Data scientists spend over 80% of their time collecting, cleansing, and preparing data for machine learning. You can significantly simplify this with DataRobot Paxata. Using "clicks instead of code" reduces your data prep time from months to minutes and gets you to reliable predictions faster.
In this Ask the Expert event, you will be able to chat with Krupa and ask your questions about data prep. On this interesting and important topic, Krupa is available to help clarify and answer your questions.
|
Krupa Natarajan is a Product Management leader at DataRobot. Krupa has spent over a decade leading multiple Data Management products and has deep expertise in the space. She has a passion for product innovations that deliver customer value and a proven track record of driving vision to execution. |
=============================================================================
Hi Everyone,
This Ask the Expert event is now closed.
Thank you Krupa for being a terrific event host!
Let us know your feedback on this event, suggestions for future events, and look for our next Ask the Expert event coming soon.
Thanks everyone!
Hi @knat ,
That you for taking my question. My question is what's the difference between data prep for business intelligence / data warehousing and data prep for machine learning / AI?
Thank you, Nicole
Hi Krupa - thanks for taking my question!
I'm very interested in the capabilities around data prep, as it's a critical step in the process for everyone. My question is, can I run a real-time prediction pipeline in Paxata?
Hi Nicole! A number of steps are common while there are some key differences.
Both BI and ML/AI use cases require that the user has access to data from a variety of data sources and ability to work with a variety of data formats, join datasets together, cleanse and standardize the data (this step is very important to ensure prediction quality), perform transformations, aggregations and such.
In addition, data prep exercises for ML/AI, can be split into two distinctive life cycles: (a) Training Dataset preparation and (b) Inference/Prediction Dataset Preparation
For Training datasets, the Data Scientist/Business Analyst preparing data should address the following critical aspects based on the business value they are trying to achieve
For Prediction time Data prep, you will need the data prep tool to operationalize and potentially automate as many of the data acquisition, data merging, cleansing and transformation steps, before the data can be sent to deployed models for generating prediction scores. In many cases, after scores are returned, more data prep steps may be applied
Thank you for your interest.
Paxata has a new 'Predict Tool' that allows DataRobot deployments to be invoked directly from Data Prep projects. The data acquisition + data prep steps + prediction scoring can all be operationalized using the Intelligent Automation capability that exists in Paxata and scheduled to run automatically or on-demand.
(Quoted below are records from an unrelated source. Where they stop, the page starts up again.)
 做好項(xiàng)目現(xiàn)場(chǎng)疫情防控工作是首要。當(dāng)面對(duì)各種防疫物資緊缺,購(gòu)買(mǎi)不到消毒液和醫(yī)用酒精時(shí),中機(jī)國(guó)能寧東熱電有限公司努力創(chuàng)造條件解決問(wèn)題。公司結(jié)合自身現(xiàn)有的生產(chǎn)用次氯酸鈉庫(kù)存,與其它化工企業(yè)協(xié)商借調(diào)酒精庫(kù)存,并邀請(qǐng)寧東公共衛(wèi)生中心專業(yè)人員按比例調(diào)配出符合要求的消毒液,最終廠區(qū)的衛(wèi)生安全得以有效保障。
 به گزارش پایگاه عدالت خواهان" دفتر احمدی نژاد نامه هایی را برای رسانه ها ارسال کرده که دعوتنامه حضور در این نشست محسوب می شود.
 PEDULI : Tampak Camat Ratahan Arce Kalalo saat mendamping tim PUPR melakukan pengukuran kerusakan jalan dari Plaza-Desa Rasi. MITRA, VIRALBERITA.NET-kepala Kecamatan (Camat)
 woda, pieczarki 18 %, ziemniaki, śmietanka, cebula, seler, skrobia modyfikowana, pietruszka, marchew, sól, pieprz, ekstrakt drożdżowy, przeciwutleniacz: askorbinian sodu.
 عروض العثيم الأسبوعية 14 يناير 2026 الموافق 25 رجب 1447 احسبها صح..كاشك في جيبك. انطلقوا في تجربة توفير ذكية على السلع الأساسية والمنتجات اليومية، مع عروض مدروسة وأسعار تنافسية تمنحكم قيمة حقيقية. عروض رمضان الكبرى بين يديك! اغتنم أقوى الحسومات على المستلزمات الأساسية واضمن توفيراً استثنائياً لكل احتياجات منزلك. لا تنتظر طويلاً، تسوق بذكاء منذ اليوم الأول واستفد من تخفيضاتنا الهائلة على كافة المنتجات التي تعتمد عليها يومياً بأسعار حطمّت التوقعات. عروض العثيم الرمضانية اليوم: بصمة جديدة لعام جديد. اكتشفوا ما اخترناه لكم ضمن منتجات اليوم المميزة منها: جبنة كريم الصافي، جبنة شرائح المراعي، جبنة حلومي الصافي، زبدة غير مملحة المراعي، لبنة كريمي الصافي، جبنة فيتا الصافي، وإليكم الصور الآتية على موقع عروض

The is accessible through REST API as well, enabling near real time predictions
Thank you Krupa!
Krupa, How is DataRobot Paxata Data Prep different from the other data prep tools on the market with regards to data prep for AI?
Thanks!
Great question! Paxata has been the leader in the Data Prep market (by major Analyst reports such as the Gartner Magic Quadrant), and now with the merger of DataRobot and Paxata, DataRobot combines the best in class in Data Prep with the best in class in Enterprise AI platform.
DataRobot Paxata is the only Data Prep offering that enables Data Scientists and Business Analysts to interact with their full scale of data without being limited to small samples. This is a key differentiator when it comes to enabling users to identify data quality issues and cleanse the data for ML exercises.
DataRobot Paxata also has unique intelligence capabilities such as the patented Join detection. DataRobot Paxata automatically identifies how datasets Join together for Feature Enrichment. Algorithmic Fuzzy Join is supported for scenarios where the enrichment data coming from different systems and applications may be represented in different ways making exact matches nearly impossible - in common scenarios such as this, DataRobot Paxata's Fuzzy matching allows for Feature Enrichment regardless of the variation in data.
Another important capability is DataRobot Paxata's algorithmic standardization - with a single click, Paxata will identify similar values (example: misspellings in City names) in Categorical variables and standardize them leading to better training data and hence better prediction quality
DataRobot Paxata is closely integrated with the DataRobot core allowing for exploration of the AI Catalog from within the Data Prep experience, ability to invoke deployed models for prediction scoring from within the Data Prep project using the Predict tool and exploration of Prediction results including Prediction explanations in the Data Prep Project for better conversion of prediction to value
Thanks for the response @knat .
Could you please explain in a bit more detail how fuzzy join works?
Hi,
Regarding the data prep files, are there "any" file size limitations or file type limitations?